Both the New Orleans-style King Cake and the French Galette des Roi are traditional for Epiphany, but the King Cake enjoys an encore on Mardi Gras. In either, the hidden object is called a fève, usually the figurine of a baby representing the Christ child or a bean as a stand-in. A crown is awarded to the person whose portion contains the fève.
Tiny porcelain “Frozen Charlotte” dolls became popular during the Victorian era and were often substituted for the babies in King Cakes, before making their way into Charlotte Russe, having its own heyday at the time. They shared a name but not a history as the dolls were the namesake of an underdressed poetic heroine who froze on her way to a ball.
Also from the British Isles, it was traditional for families to hide a sixpence coin in their Christmas puddings, conveying good luck to the person whose portion contained it.
On the other side of the Irish Sea, colcannon was linked to Samhain (aka Halloween aka harvest festival.) It was originally made with cabbage only; the Irish happily added potatoes when they became available. Eventually the cabbage was replaced or accompanied by kale. Various trinkets were embedded in the dish – coins for wealth or rags for poverty; a button meant a bachelor would stay that way, a thimble predicted a spinster, and a ring heralded a wedding. The same items might be baked into barmbrack too – another Halloween favorite in Ireland – portending similar outcomes.
Sometimes the hidden object is edible. The fève in a Galette des Roi might be a whole almond. An almond also makes an appearance in a Scandinavian rice pudding (Risalamande), another Christmas favorite. It’s made with chopped almonds and whipped cream and served with a warm cherry sauce. A prize is awarded to the person who finds the whole almond. Some families joke that the winner keeps it a secret by hiding the almond in their cheek until all the pudding is gone.
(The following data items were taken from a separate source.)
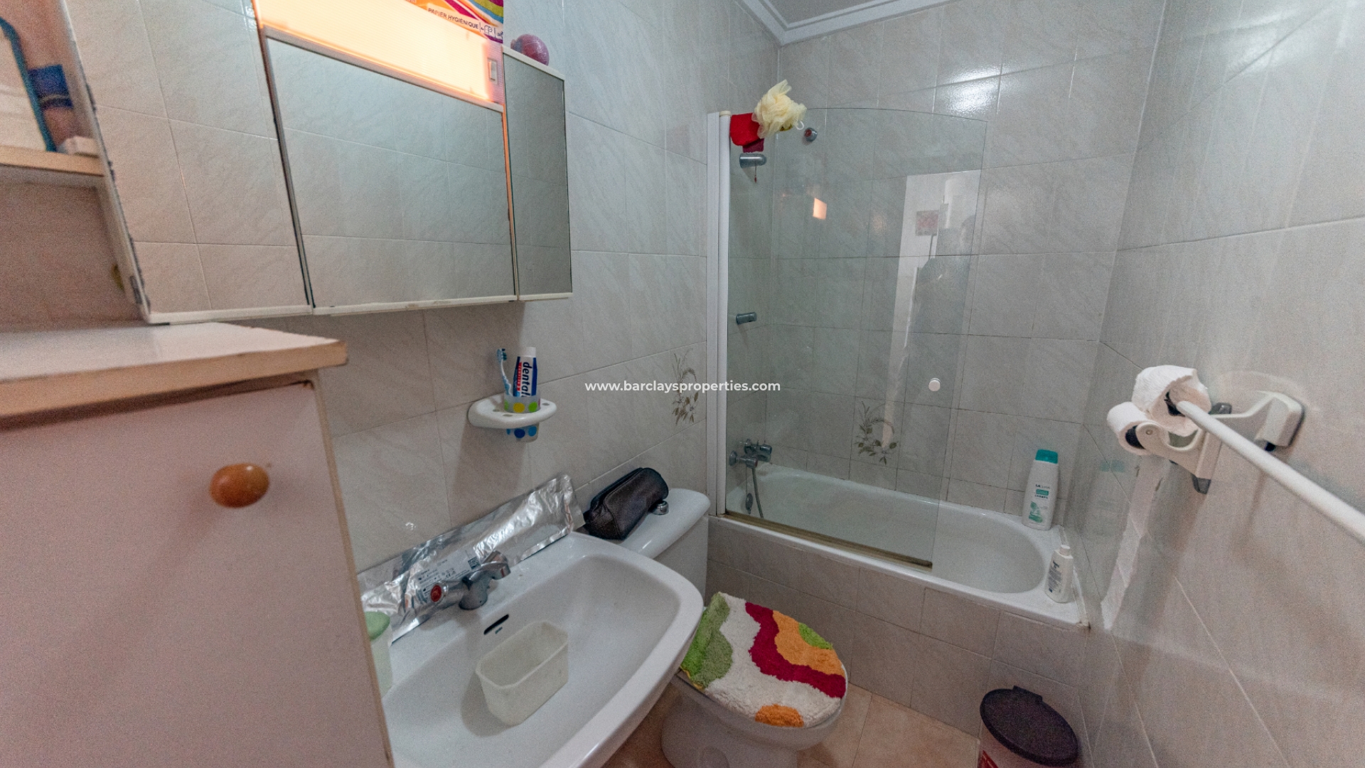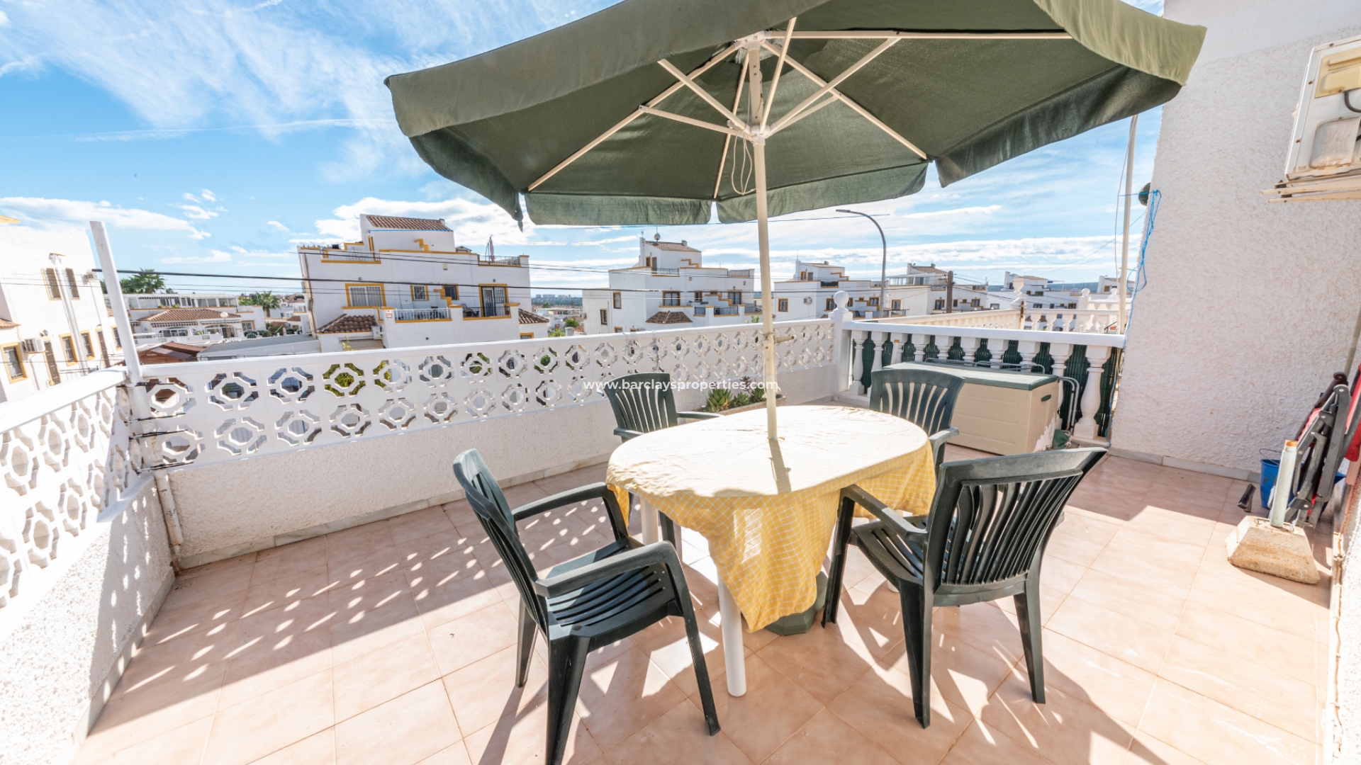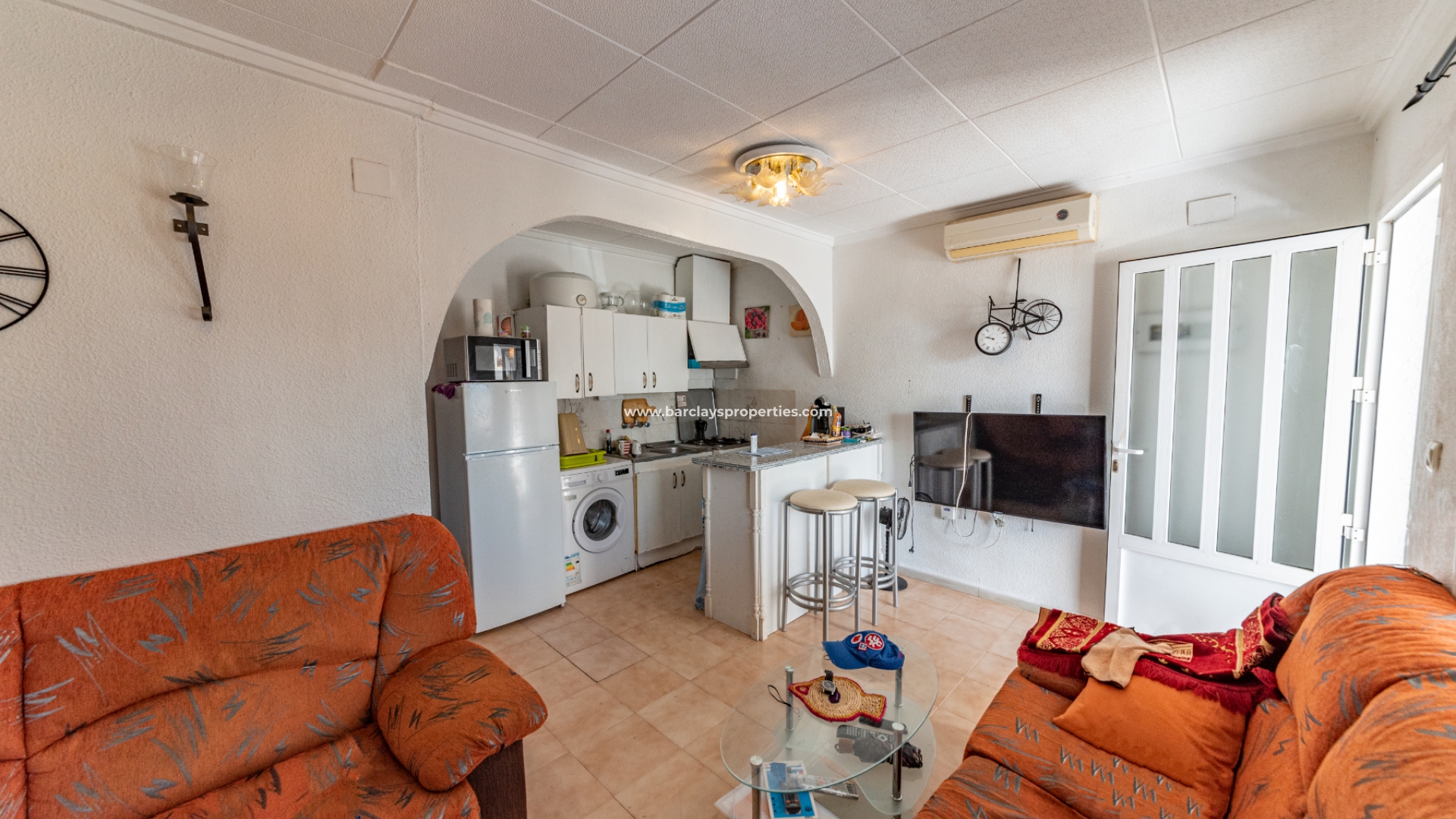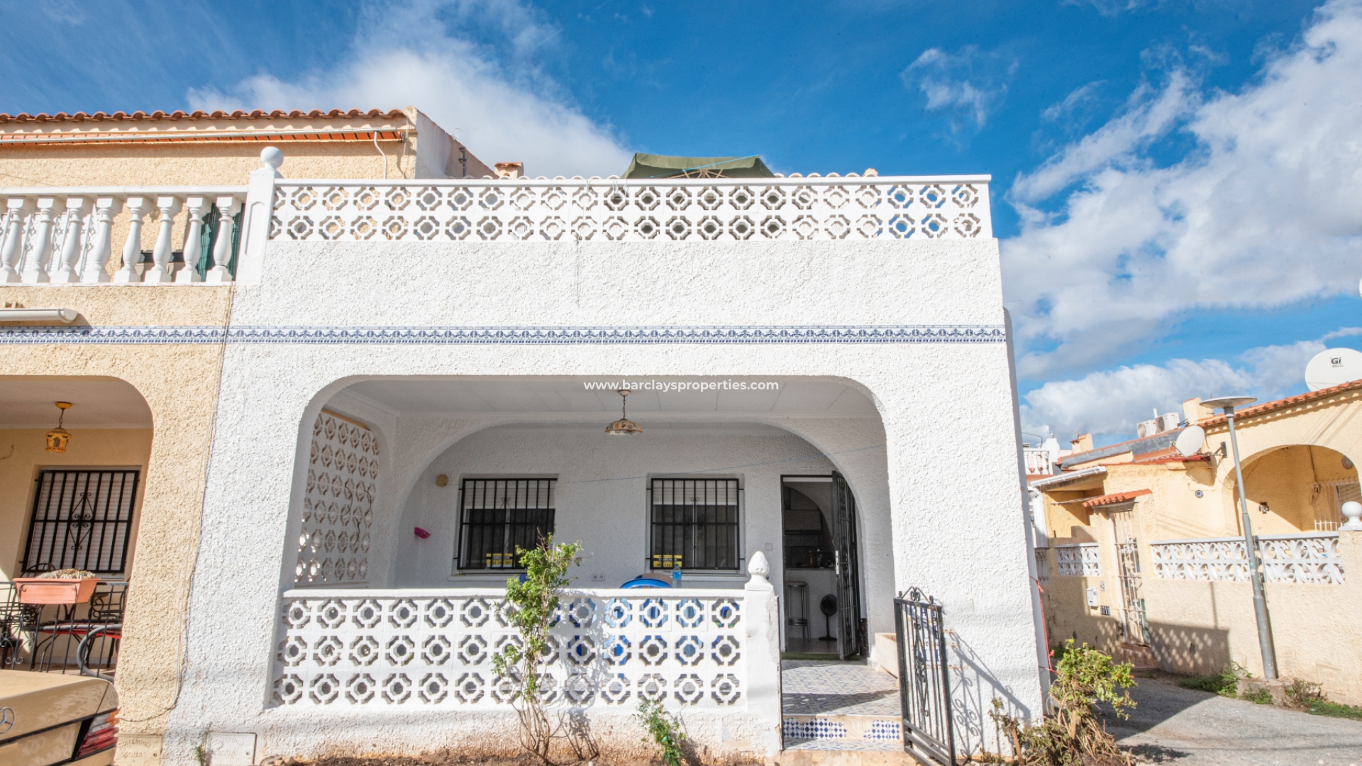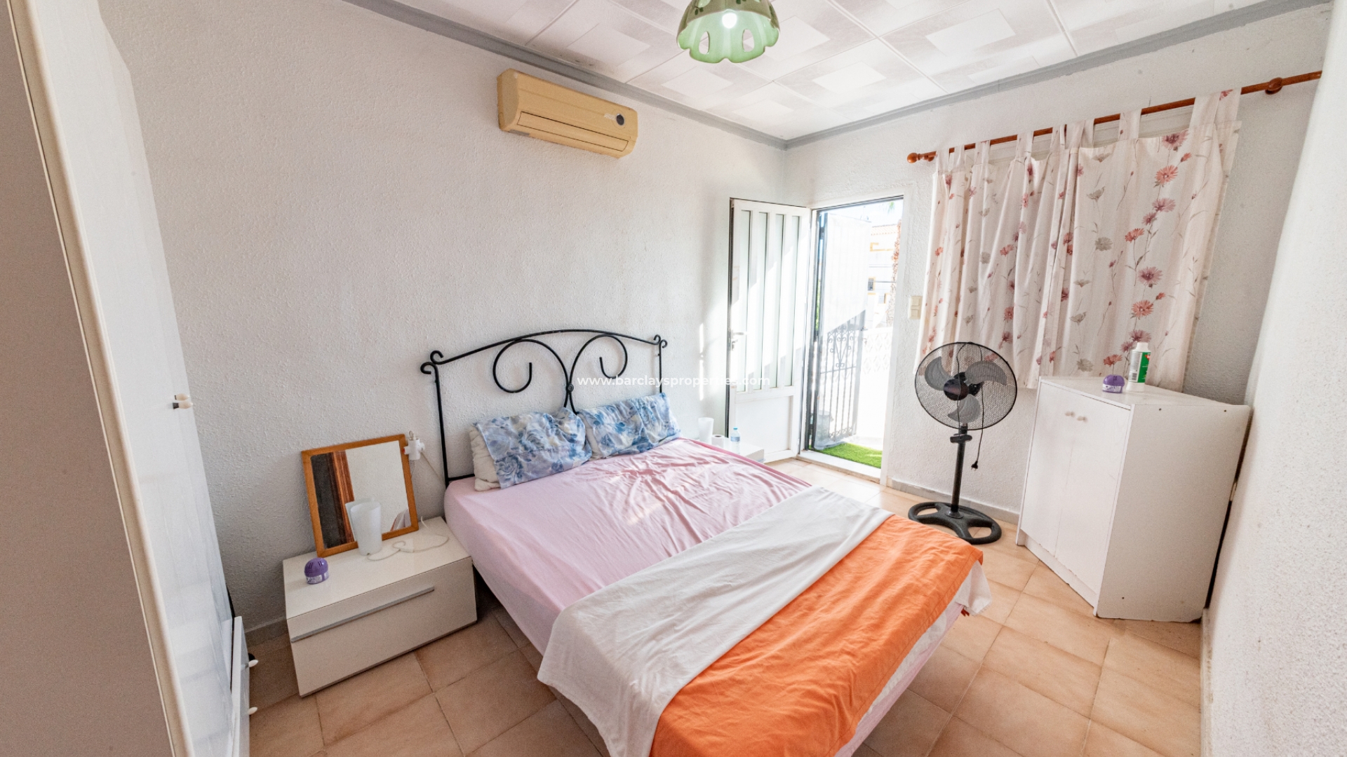 Een ruim overdekt zonneterras begroet ons wanneer we aankomen bij deze schilderachtige hoekwoning. Bij binnenkomst vinden we een woon/eetkamer met een open keuken. Er is een airconditioning unit om lekker koel te blijven op een warme zomerdag. Op dezelfde verdieping vinden we een volledig ingerichte badkamer en een kleine trap die ons naar de tweede verdieping leidt waar we een eenpersoonskamer en een tweepersoonskamer vinden, beide met hun eigen airconditioning. De grote slaapkamer heeft ook een eigen zonneterras met een mooi uitzicht op Guardamar en het platteland, waar men kan ontspannen en zonnebaden onder de Spaanse zon.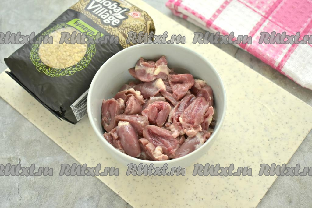 Куриные сердечки разрезаем пополам, хорошо промываем водой, удаляя сгустки крови. Морковь и лук очищаем.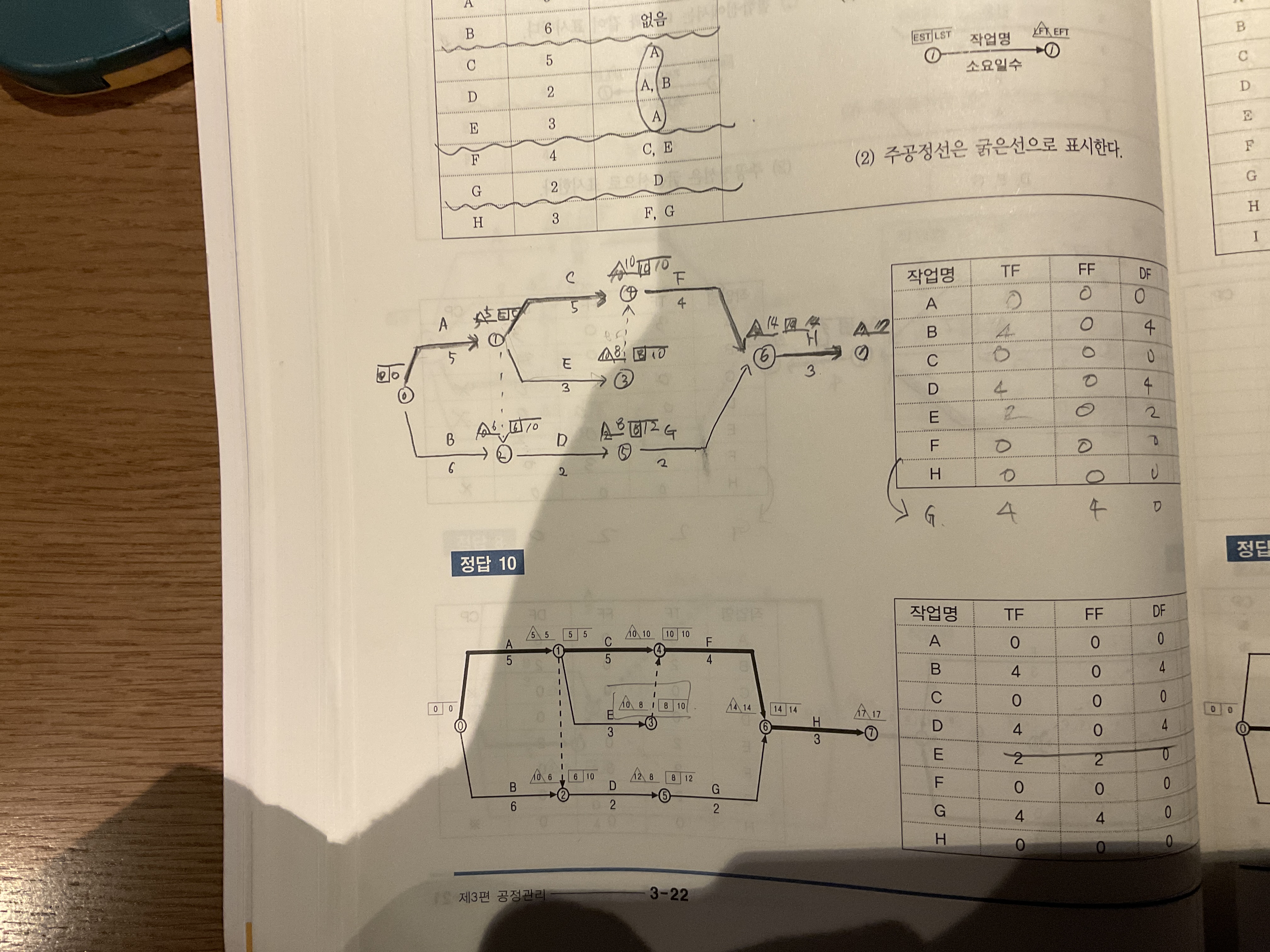 공정관리 3-22페이지 10번 문제에 E의 풀이에 대해 문의 드립니다.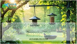 While most customers praise its stability, note that some double hooks may bend during strong winds. The station’s metal stake base provides solid anchoring in most soil types, though you might need reinforcement for softer ground, ensuring a complete bird feeding experience with multiple feeders and a sturdy pole system.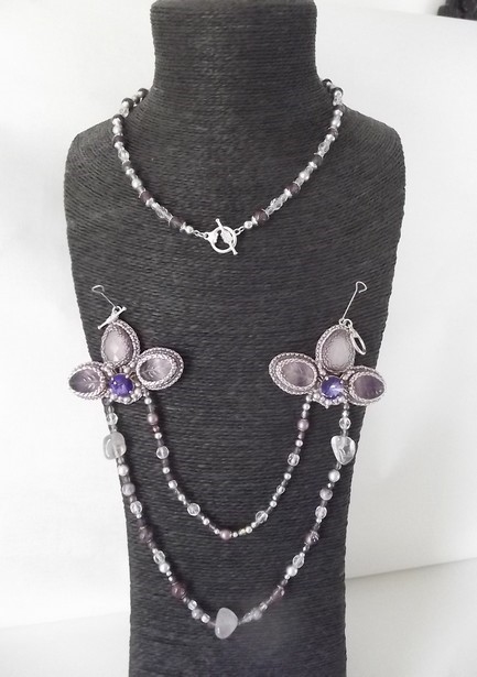 Matériaux utilisés : pierre semi-précieuse, cristal Bohème et Swarovski, perle préciosa.

It’s not always food that hides a surprise. We remember a night at Holly Hill Inn when a young man ordered a champagne toast for his table of six and asked us to drop an engagement ring in his girlfriend’s glass. In retrospect, it probably wasn’t the brightest idea but no one went to the ER and the stunt was a success.
And we’d be remiss if we omitted that most uniquely American icon – the fortune cookie, which is actually thought to have originated in Japan, was reproduced in California by Japanese family-owned chop suey joints, then popularized by West Coast Chinese restaurants before proliferating across the US as GIs returning from WWII by way of San Francisco demanded to know why their hometown Chinese restaurants didn’t have them.